### [Records to process]
_ _ _

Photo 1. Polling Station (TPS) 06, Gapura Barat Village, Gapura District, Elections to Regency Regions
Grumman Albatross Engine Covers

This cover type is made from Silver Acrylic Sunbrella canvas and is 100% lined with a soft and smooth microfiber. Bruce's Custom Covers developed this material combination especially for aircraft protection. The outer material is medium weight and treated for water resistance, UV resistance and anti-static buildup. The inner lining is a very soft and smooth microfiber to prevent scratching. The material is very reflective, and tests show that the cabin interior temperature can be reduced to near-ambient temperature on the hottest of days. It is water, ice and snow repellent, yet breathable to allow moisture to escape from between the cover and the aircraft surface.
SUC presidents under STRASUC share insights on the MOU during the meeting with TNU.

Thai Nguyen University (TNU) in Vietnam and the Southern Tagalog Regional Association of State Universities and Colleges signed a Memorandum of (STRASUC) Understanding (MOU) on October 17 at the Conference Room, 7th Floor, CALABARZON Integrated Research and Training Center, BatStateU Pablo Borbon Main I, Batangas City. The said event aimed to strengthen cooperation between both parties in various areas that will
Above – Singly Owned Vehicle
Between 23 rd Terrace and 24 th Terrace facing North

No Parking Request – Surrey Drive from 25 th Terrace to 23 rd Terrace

_ _ _

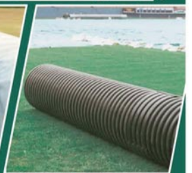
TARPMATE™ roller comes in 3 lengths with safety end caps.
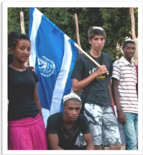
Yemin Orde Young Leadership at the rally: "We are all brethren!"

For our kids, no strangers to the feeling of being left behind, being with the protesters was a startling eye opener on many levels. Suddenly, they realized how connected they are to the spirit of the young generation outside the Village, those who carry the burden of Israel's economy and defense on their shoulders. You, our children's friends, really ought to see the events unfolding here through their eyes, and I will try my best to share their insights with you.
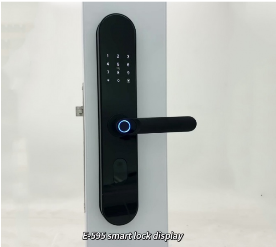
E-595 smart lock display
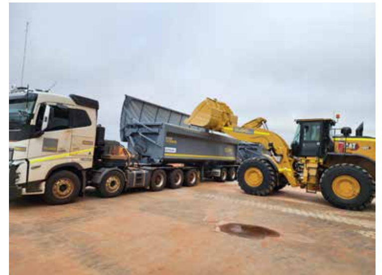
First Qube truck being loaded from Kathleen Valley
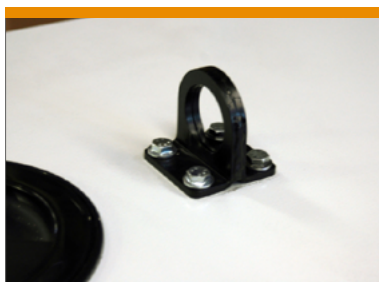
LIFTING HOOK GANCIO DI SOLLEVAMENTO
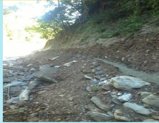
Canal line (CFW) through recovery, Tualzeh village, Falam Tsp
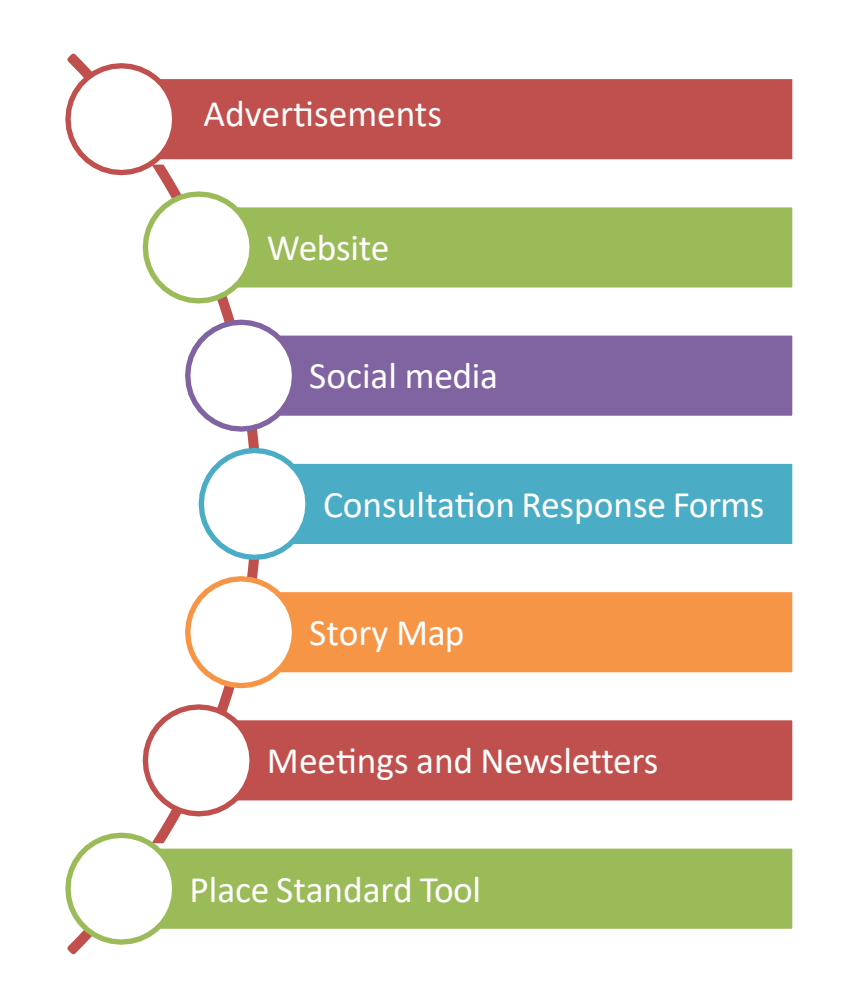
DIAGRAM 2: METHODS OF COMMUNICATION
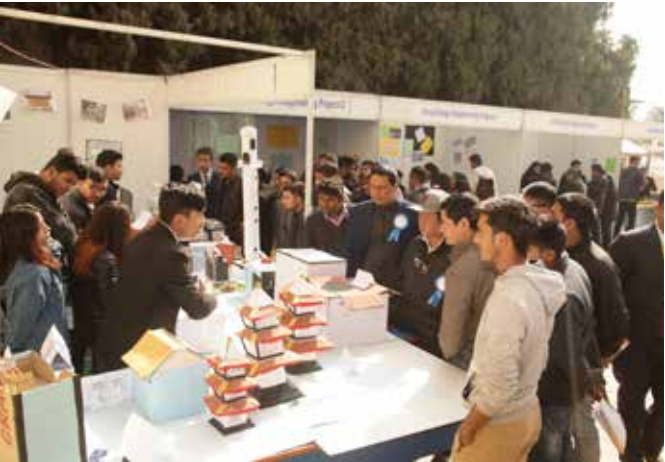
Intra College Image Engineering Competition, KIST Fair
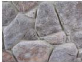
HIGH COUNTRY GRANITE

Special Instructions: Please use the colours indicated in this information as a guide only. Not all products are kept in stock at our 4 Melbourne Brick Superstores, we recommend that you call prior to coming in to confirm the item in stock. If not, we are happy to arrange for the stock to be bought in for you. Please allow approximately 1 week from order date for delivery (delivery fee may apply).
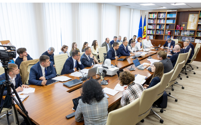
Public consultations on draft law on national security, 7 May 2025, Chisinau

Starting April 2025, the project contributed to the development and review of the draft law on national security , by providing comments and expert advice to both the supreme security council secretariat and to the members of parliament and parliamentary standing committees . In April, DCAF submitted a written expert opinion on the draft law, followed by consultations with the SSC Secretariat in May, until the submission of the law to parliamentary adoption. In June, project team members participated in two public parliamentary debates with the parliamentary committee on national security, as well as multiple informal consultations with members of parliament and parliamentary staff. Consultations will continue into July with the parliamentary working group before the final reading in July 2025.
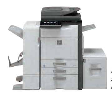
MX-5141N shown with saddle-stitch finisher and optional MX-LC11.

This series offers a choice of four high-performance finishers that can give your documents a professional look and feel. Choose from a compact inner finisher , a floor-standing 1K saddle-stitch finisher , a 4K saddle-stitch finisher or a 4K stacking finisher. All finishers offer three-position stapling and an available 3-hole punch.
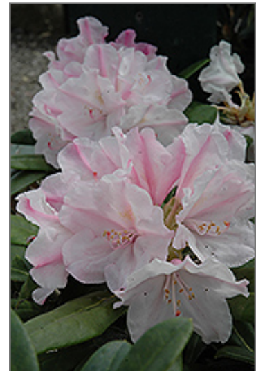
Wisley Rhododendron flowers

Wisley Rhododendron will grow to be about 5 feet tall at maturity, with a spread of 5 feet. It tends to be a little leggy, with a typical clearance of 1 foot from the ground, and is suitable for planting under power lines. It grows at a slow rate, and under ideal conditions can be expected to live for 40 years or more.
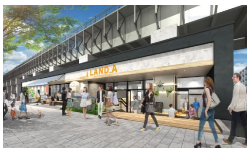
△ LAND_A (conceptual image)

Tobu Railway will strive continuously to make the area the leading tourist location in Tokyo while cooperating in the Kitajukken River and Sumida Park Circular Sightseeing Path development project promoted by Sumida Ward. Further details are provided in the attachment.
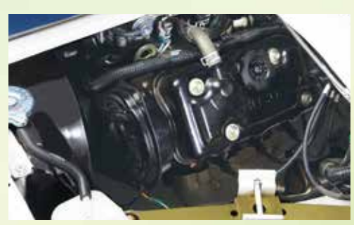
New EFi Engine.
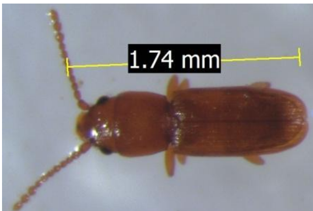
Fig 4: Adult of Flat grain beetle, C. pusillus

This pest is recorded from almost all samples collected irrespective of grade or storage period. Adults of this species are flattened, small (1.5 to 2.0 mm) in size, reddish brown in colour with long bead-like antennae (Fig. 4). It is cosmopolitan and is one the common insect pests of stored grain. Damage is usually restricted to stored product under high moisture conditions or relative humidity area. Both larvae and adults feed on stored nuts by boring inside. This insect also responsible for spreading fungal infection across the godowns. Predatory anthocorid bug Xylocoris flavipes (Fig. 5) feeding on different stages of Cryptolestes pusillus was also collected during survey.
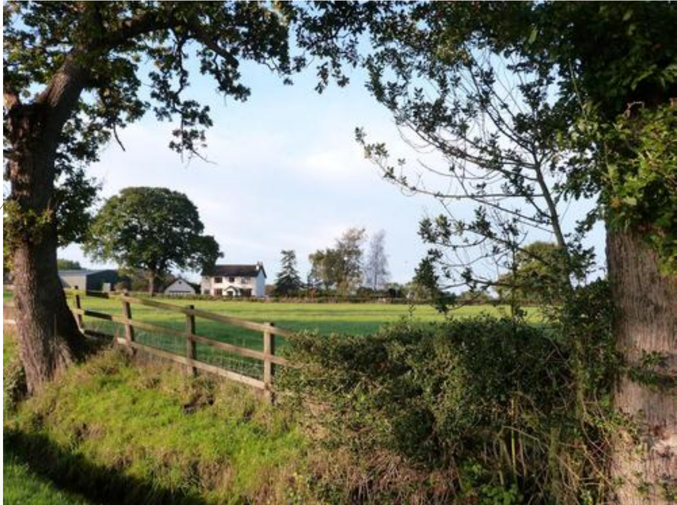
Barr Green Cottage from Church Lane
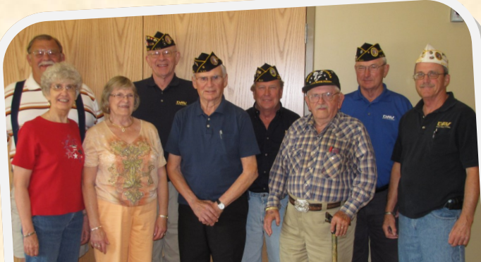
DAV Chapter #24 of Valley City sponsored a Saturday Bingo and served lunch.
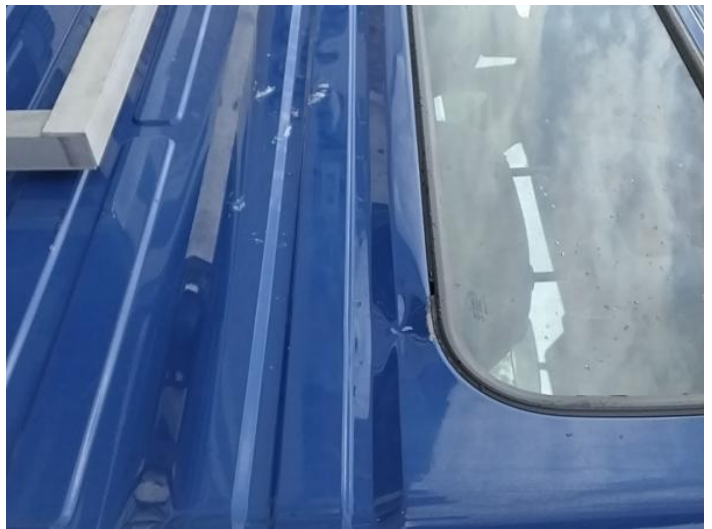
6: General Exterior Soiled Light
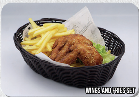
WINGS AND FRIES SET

_ _ _

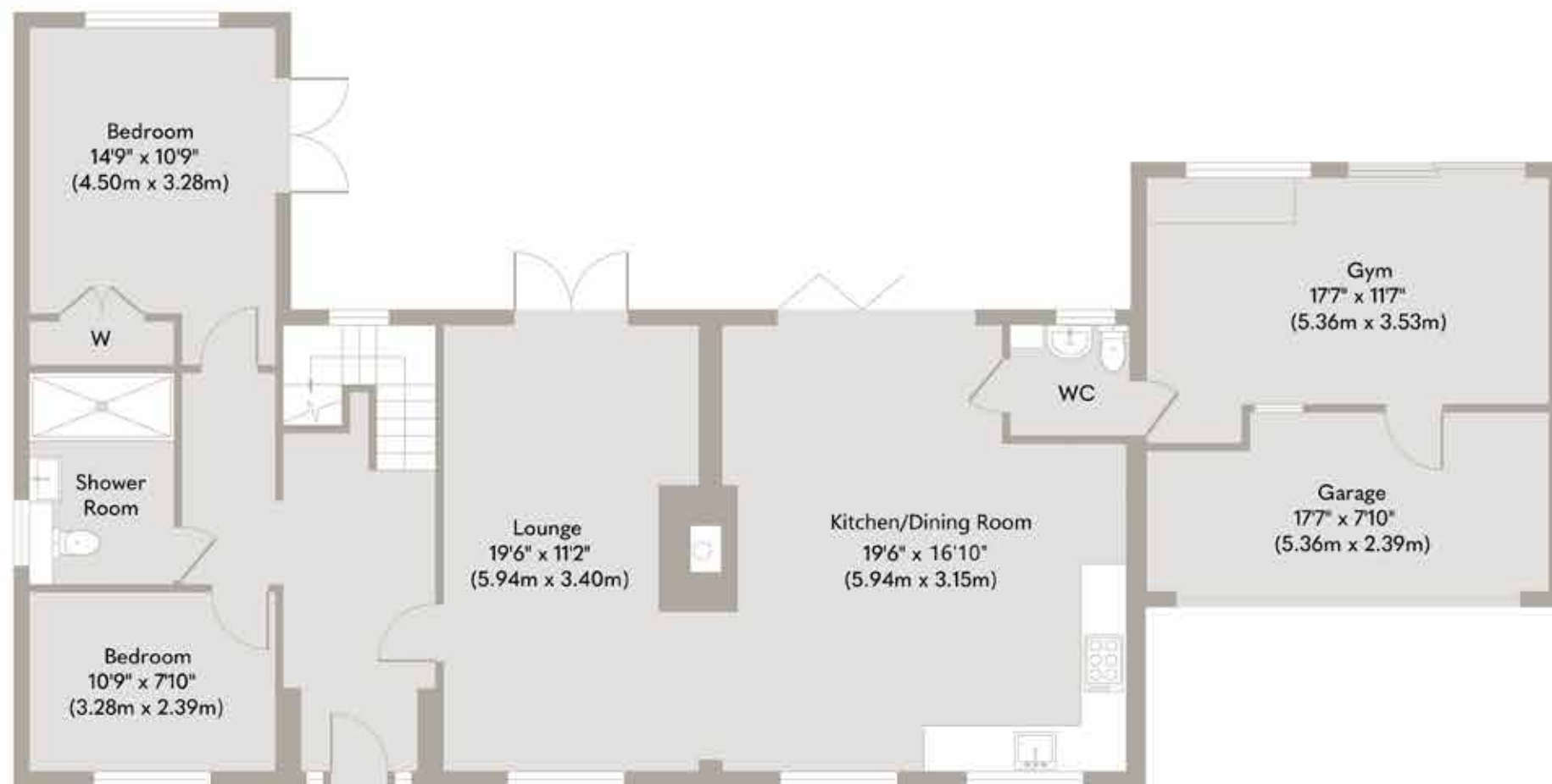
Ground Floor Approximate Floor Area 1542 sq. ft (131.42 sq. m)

_ _ _

### [Task objective]
Reprint exactly the lines above that start at the one with "Photo 1. Polling" and end at the one with "Grumman Albatross Engine Covers", keeping both and adding none.

### [Result]
Photo 1. Polling Station (TPS) 06, Gapura Barat Village, Gapura District, Elections to Regency Regions
Grumman Albatross Engine Covers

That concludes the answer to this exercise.